- WHAT THIS TASK INVOLVES
Look through the entries below and copy exactly the part that begins with the line containing "Design: Geribbelde kraag, Geribd" and ends with the line containing "- VERSATILE AND". Do not copy the pictures.

____ MATERIAL PROVIDED

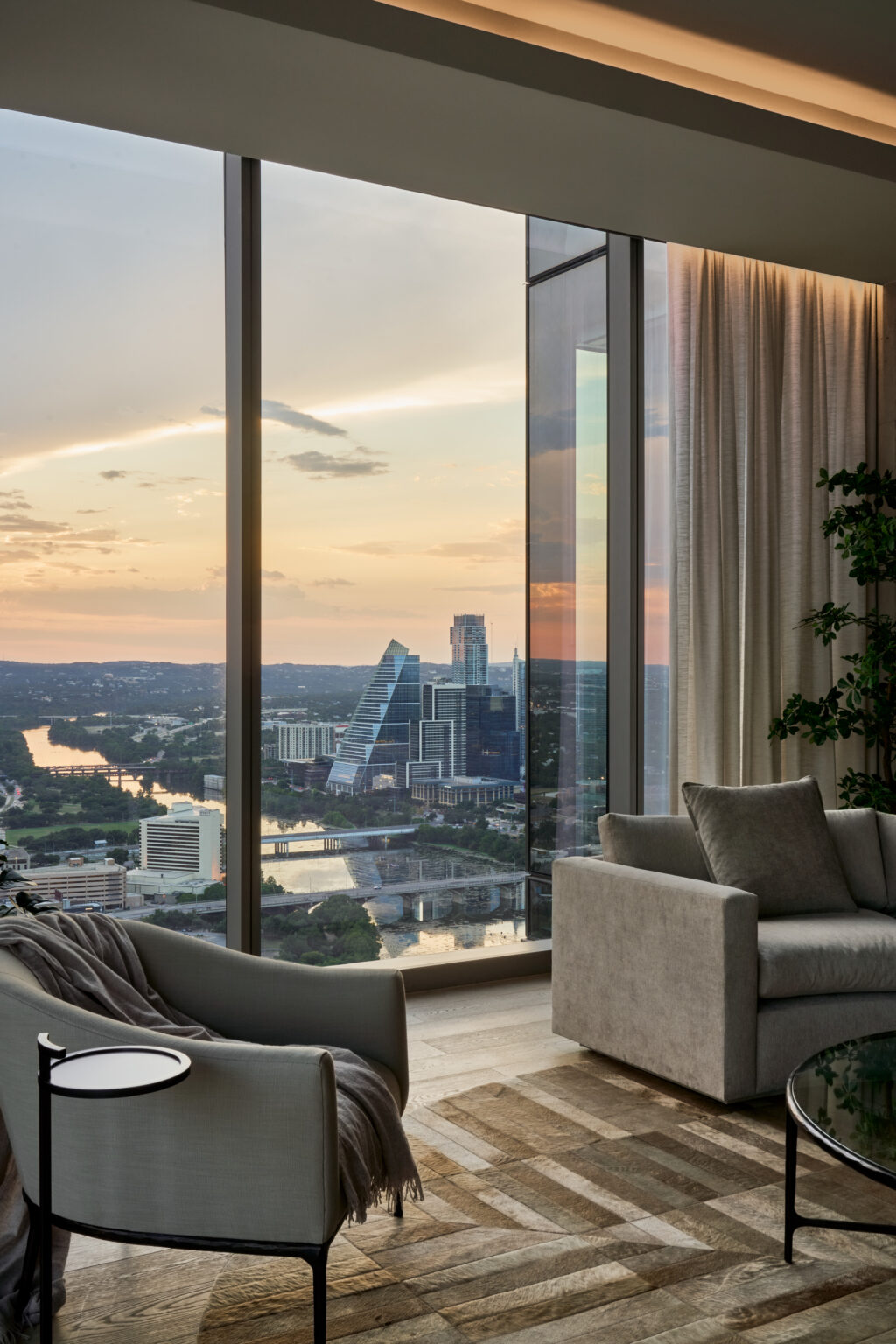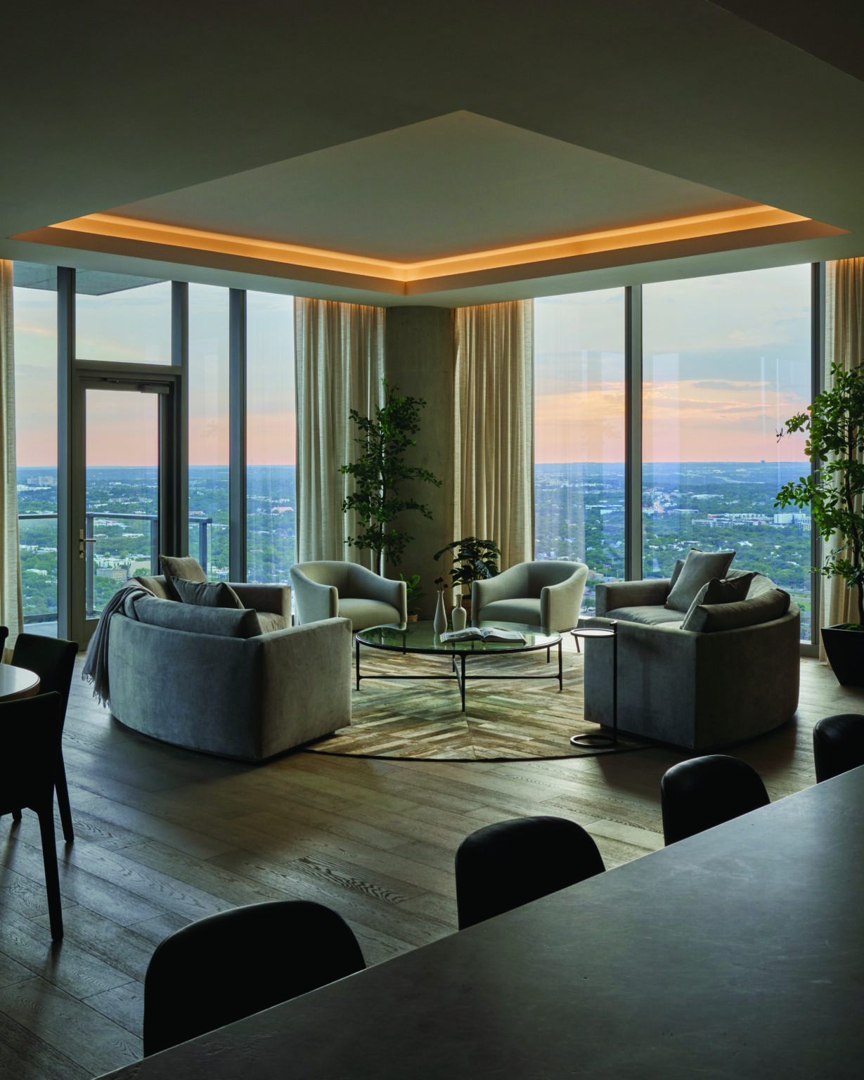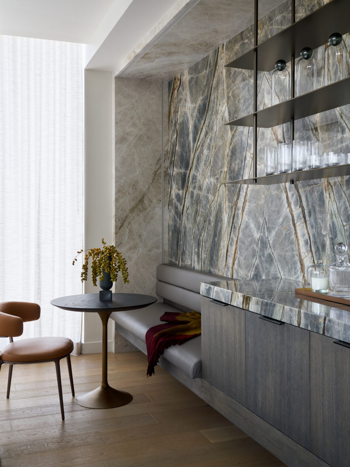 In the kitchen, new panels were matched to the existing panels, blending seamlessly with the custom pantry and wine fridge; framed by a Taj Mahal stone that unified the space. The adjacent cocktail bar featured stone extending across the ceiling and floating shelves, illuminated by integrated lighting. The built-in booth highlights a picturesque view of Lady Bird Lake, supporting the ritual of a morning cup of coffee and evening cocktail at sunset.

________
____ MATERIAL PROVIDED

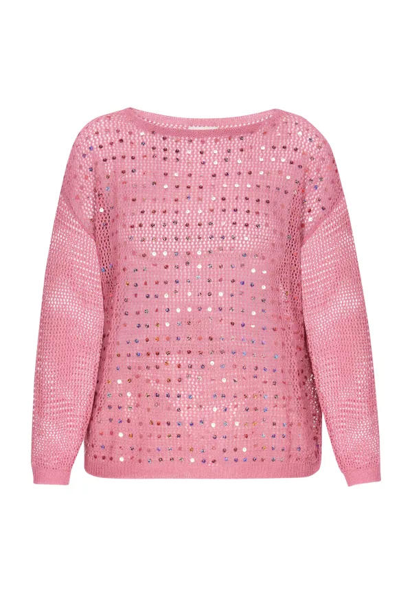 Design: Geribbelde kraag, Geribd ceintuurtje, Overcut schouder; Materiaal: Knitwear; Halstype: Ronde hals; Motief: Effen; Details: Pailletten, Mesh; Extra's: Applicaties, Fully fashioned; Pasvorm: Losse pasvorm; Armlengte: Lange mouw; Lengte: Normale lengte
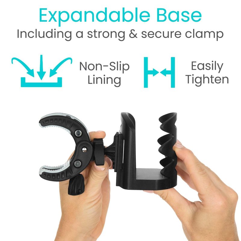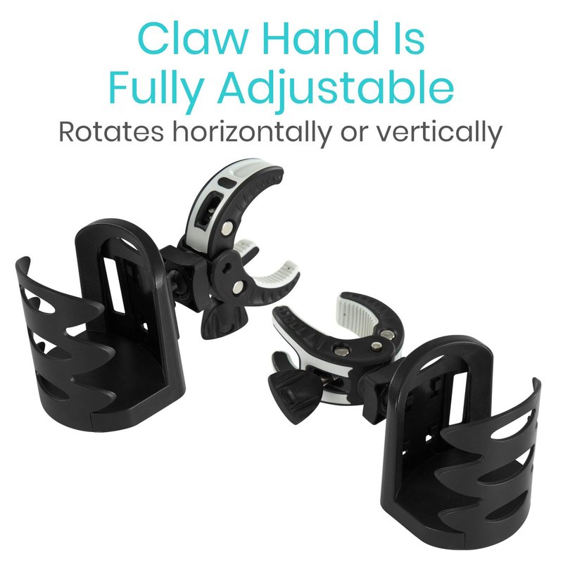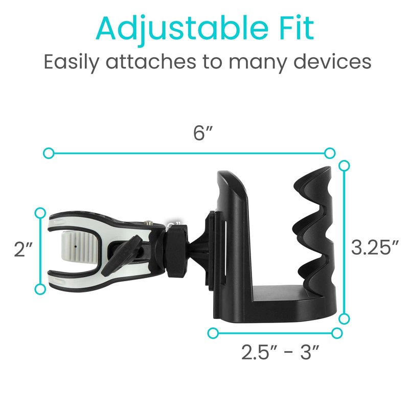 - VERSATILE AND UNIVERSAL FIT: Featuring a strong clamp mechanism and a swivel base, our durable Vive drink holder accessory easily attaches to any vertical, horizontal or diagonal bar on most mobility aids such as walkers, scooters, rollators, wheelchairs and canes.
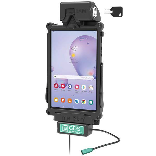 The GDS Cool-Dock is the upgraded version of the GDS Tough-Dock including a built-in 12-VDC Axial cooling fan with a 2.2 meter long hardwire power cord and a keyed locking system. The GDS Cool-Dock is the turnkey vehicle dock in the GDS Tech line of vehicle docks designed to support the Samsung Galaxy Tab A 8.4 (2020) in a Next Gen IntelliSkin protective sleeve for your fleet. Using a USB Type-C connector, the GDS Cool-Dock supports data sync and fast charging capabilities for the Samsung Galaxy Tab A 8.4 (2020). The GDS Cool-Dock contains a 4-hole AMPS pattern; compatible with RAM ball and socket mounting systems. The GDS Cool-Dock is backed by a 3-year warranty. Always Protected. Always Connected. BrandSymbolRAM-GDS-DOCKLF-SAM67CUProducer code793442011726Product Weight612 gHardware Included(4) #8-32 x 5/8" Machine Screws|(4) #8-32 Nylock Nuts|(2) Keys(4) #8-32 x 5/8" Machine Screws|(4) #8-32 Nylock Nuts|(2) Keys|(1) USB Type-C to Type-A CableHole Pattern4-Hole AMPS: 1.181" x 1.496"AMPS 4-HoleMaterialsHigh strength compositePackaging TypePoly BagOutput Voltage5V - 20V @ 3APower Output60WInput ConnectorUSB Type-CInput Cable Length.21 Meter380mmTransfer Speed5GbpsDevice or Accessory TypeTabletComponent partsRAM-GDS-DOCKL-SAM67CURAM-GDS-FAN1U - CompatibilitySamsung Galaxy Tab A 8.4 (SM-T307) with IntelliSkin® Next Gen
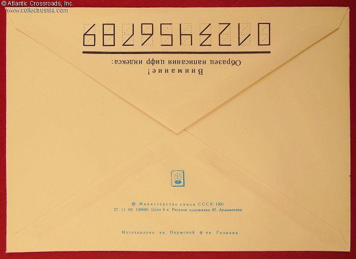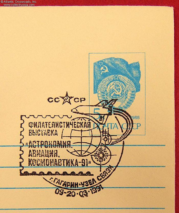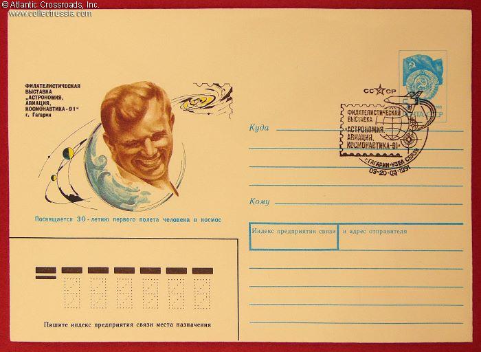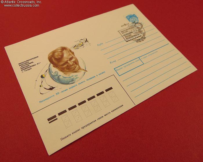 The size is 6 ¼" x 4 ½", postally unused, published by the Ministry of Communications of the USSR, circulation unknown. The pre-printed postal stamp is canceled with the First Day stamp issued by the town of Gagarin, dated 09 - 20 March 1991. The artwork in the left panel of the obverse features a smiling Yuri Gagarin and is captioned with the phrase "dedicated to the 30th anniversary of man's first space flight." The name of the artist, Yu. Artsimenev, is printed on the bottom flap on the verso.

________

- RESPONSE BOX
 Design: Geribbelde kraag, Geribd ceintuurtje, Overcut schouder; Materiaal: Knitwear; Halstype: Ronde hals; Motief: Effen; Details: Pailletten, Mesh; Extra's: Applicaties, Fully fashioned; Pasvorm: Losse pasvorm; Armlengte: Lange mouw; Lengte: Normale lengte
 - VERSATILE AND UNIVERSAL FIT: Featuring a strong clamp mechanism and a swivel base, our durable Vive drink holder accessory easily attaches to any vertical, horizontal or diagonal bar on most mobility aids such as walkers, scooters, rollators, wheelchairs and canes.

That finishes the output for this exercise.